Degenerative, they say of FTD. A disease for which there are probably many adjectives. A condition that affects the frontal and temporal lobes.
He was only officially diagnosed with this at the beginning of this year, after which he went to the care unit shortly before the start of the pandemic. It is an early-onset dementia (60% of cases are between 45 and 60 years old). It is sometimes confused with a midlife crisis due to the personality change it causes. This means it is often misdiagnosed until the symptoms are without-a-doubt FTD.
A diagnosis of dementia with Lewy bodies in 2013 was probably the beginning. Who knows. It also does not really matter, because degenerative means after all, there is nothing one can really do other than to manage the symptoms. And keep on loving.
Those who are interested in the brain will know that the frontal lobe is in a sense responsible for being human. It controls your cognitive ability, your emotional expression, your problem solving, your memory, your language and your judgment. This is where the essence of your personality and your communication ability lies, say the smart ones.
And this is what dissapered. Piece by piece. On and off.
FTD makes people damn rude at times. There are difficult days when one hides for a fist or a curse. If you knew my father, you would not know whether to giggle or wonder in amazement at how thin the line between common sense and unhealthy mind actually is.
I accept that I can not be objective about my father. But I think most people who know him will be able to testify to his empathy, his language ability, his thinking. A human being with an incredibly sharp mind. The legal philosopher. The linguist. The human rights lover.
Seeing this disappear – piece by piece – is sometimes the cruellest thing that could happen. His brain, the brain that devised and produced a myriad of articles and books, is literally shrinking.
It naturally challenges one to think about what the essence of being human is. If all those things that have always defined you are no longer there, you do not cease to exist. It is an abomination to say “the person is no longer there”, because they are. One is more than the sum total, and the absence, of the characteristics you are known for.
This is ] something I think about a lot these days.
He is the empathetic Lourens who could conjure with words, and the Lourens-with-dementia who curses about the quality of the food he gets, and his totally loses it because fo the poorly worded court documents (which do not exist) that I can not do properly because I am supposedly lazy.
One must be able to handle all of that while processing the loss that the disease brings daily.
When the jacarandas turned green, my dad went home to be among the people who love him. With care. And every day that brought a different challenge.
Like Tom Hanks’ chocolates – you never know what you’re going to get.
Some days are happier than others. Dress rehearsals dramatize the past in a type of “faction” – not facts, but also not fiction. The neurons in the brain jump, jump, jump, and sometimes they miss and hook on to a lost memory.
For example, I had to hurry to look for a gown one evening and get the court documents ready. Those that were apparently so poorly written. We are late, the pieces are an embarrassment. I’m lazy. Ask for a postponement! Ask for a postponement!
I can at least report back that I could get the clerk of the court to move the date to another day so I could fix the court documents.
To the children’s amusement, we were also in Angola, the birthplace of his father. He was so sincerely glad to see my husband and me there – that we made an effort to go all the way there. We would ask for fishing spots so we could go fishing that day. There was a peacefulness in the dream world that his brain created for him.

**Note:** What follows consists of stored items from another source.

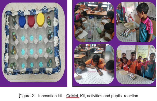 How it works? This innovation kit is made from unwanted or waste egg-tray, ice-cream sticks and colour papers. It is a very low cost kit. After drilling activity on identifying the subject, verb and object words list, pupils use the CoMeL kit to arrange the words correctly in the slots based on pictures and guide words. Pupils actively took part and enjoyed the activity because they wanted to try hands-on activity for themselves because most of the writing lessons are very plain and using mind-map process in writing the sentences or writing essay. It is used as an extra teaching and learning kit to enrich and sustain the interest in writing. It is also a helpful innovation kit to apply to the weak and slow learners as a remedial activity. Through this kit pupils able to attain knowledge and improve writing level independently.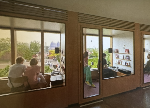 ‘At GULLIVER, Collins installed a phone booth with a free line which anyone could use for unlimited local and international calls, on the agreement that the conversations would be recorded and anonymised. Selected from more than a thousand calls made over a four-week period, the material was posted to a group of musicians, serving as the starting point for original new songs. These were pressed as 7″ vinyl records and presented in an exhibition at Museum Ludwig in specially designed listening booths, each equipped with a turntable and high quality sound system, installed so as to overlook a busy public square and the railway bridge.
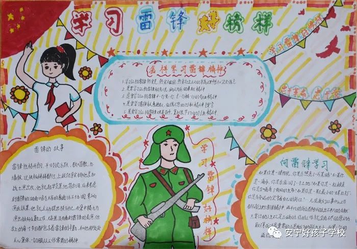 下午,孩子們踴躍參與到“學(xué)雷鋒”手抄報(bào)活動(dòng)中。在制作過程中,孩子們通過描繪雷鋒肖像、介紹雷鋒事跡、摘錄《雷鋒日記》等多角度重溫了雷鋒生平,有力地宣揚(yáng)了雷鋒精神。并結(jié)合實(shí)際,展現(xiàn)了身邊的“雷鋒”。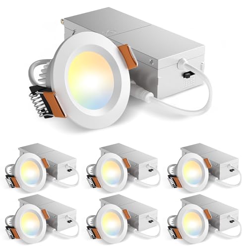 Amico 6 Pack 2 Inch 5CCT Ultra-Thin LED Canless Recessed Ceiling Light with Junction Box, 2700K/3000K/3500K/4000K/5000K Selectable, CRI90+, 6W=40W, 350LM, Dimmable Canless Wafer Downlight-ETL&FCC
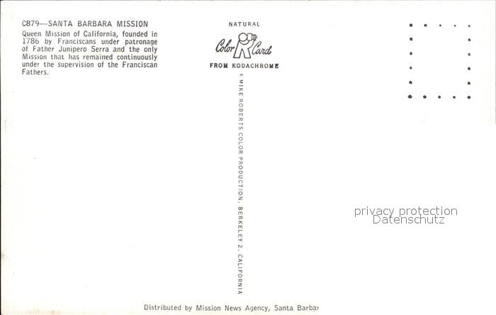 72493402 Santa Barbara California Queen Mission founded 1786 Cross postalisch nicht gelaufen Erhaltung siehe scans KatCode: 14140050000000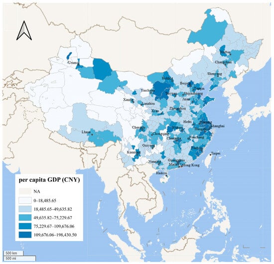 We adopted the GDP as a comprehensive indicator to measure the urban development level. The GDP is a monetary metric that quantifies the market value of all final goods and services produced by a city within a specific period. In China, the GDP encompasses various sectors, including farming, forestry, animal husbandry, fishing, industry, construction, wholesale and retail, transport, storage, post, hotels and catering, finance, and real estate. Given its broad coverage, the GDP serves as a comprehensive indicator for assessing the level of urban development [36].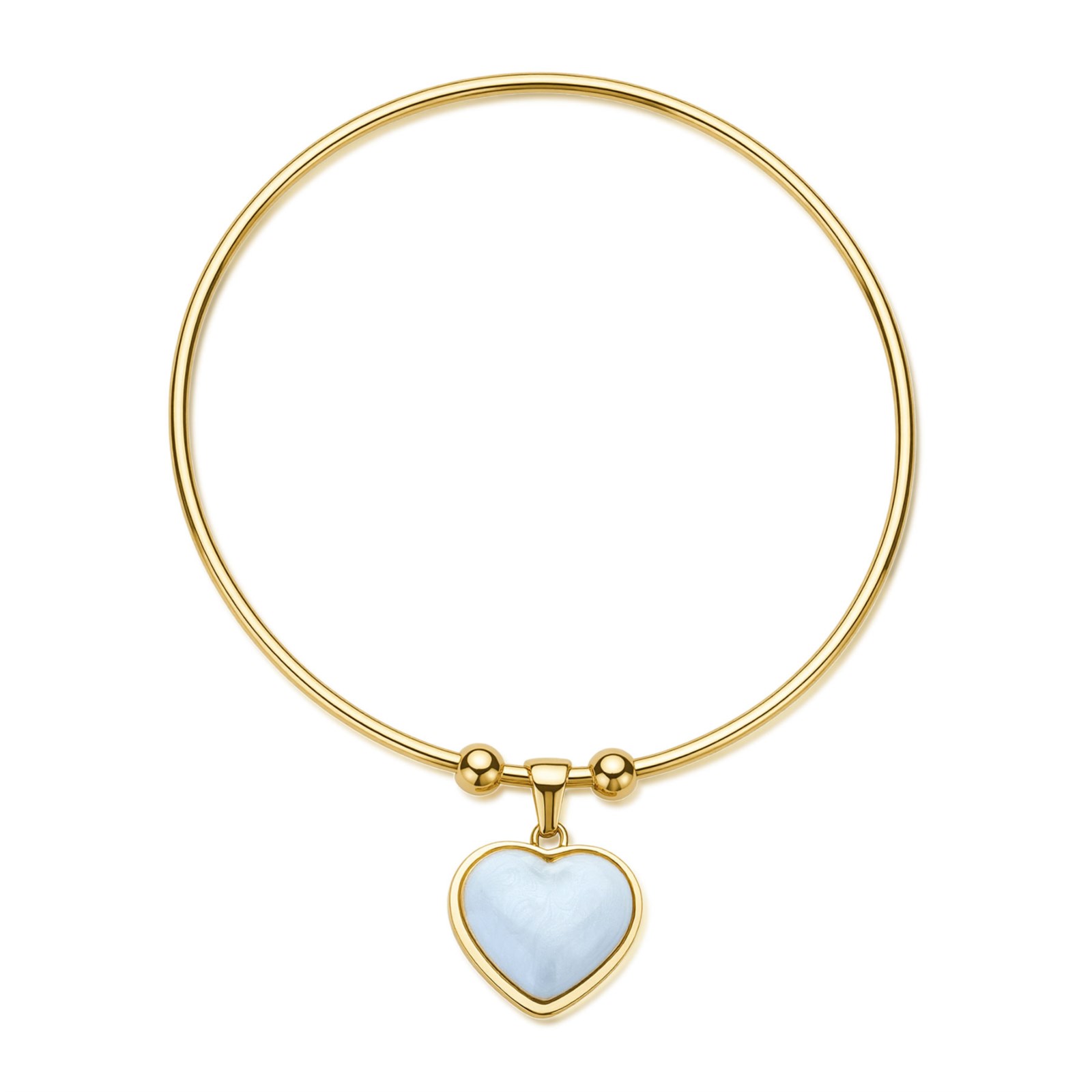 Bracciale donna s'agapo, SDM14, collezione madame, in acciaio 316L e finitura pvd oro 14K con pendente a cuore e smalto bianco perla, diametro 65mm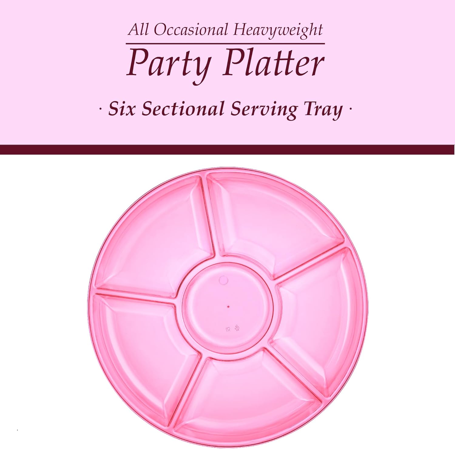Plasticpro 6 Sectional Round Plastic Serving Tray/Platters Pink Pack of 8

Other days are a dress rehearsal for something else. With questions about his illness, about a humane existence. The answers that are as unbelievable to him as the fantasy world in which he sometimes lives. Anosognosia, they call it. Then the questions must be answered with a bite on the lip to disguise your own sadness. One cannot give hope, but one can also not talk to people as if they are already dead, even if one mourns so constantly.
And how does one talk about death with someone who is dying? Where are the masters that one can learn “how to die”? No one is a master. Nobody.

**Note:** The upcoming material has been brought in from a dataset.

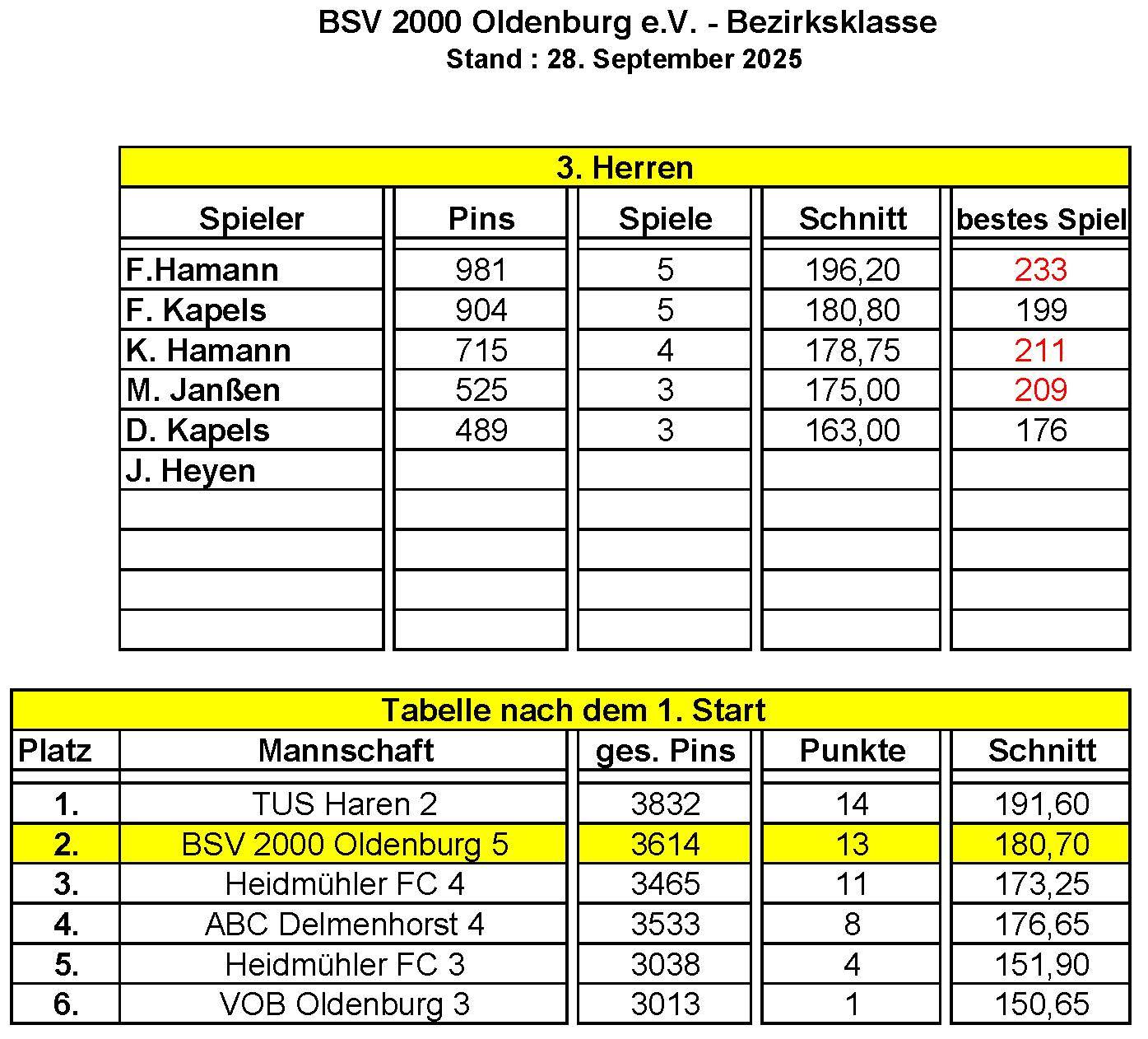 Die 3. Herren hatte am 28. September ihren 1. Start in der Bezirksklasse in Delmenhorst. Mit 4 von 5 möglichen Siegen, und 5 von 6 Bonuspunkten liegt das Team auf dem guten 2. Tabellenplatz. Ein guter Start in die Saison. Gespielt haben Fabian Hamann (981 / 186,2); Frederik Kapels (904 / 180,8); Klaus Hamann (715 / 178,8); Manfred Janßen (525 / 175,0) und Detlef Kapels (489 / 163,0).

I could perhaps find answers in our shared love of philosophy and turn to Seneca. After all, he said things like “it takes a lifetime to learn how to die” and “constantly explore death”. Well knowing that there are no masters.

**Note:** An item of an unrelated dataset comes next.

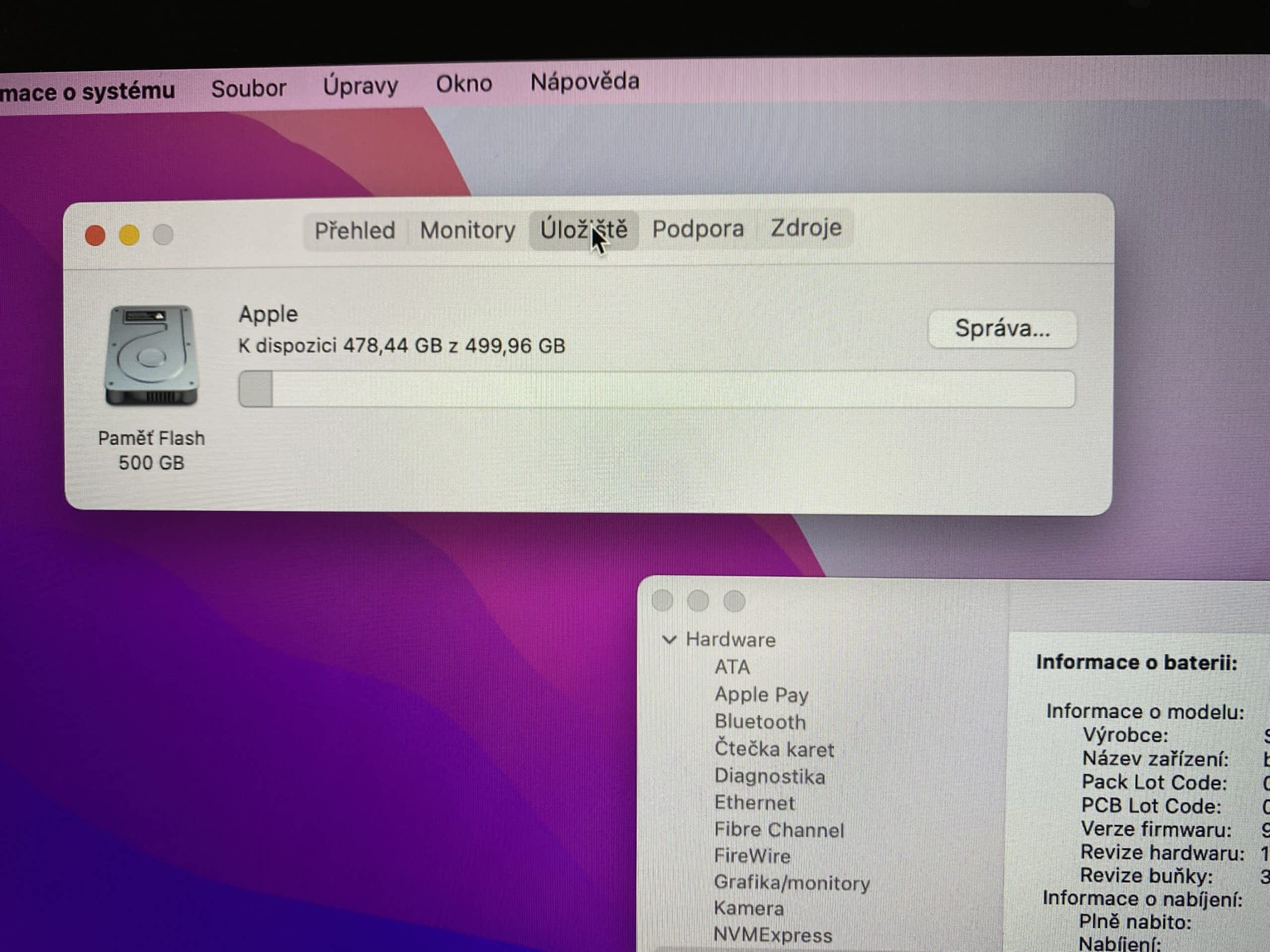 MacBook je plné funkční. Vše funguje jak má! Baterie má jen 205 cyklů.

In the process, it is instead I who learn the lessons, and find meaning in advice such as “constantly exploring death”. I will add – “while making sure you live true to yourself”.
I want to believe that if one can master that art, the story of life will make sense, and death will be a natural conclusion. Many days my children also learn valuable lessons – lessons we no longer learn because we lock away illness and death. People’s illness and death have become an abstraction. Now they see ageing and experience death as an integral part of life. An inevitable part. A cycle.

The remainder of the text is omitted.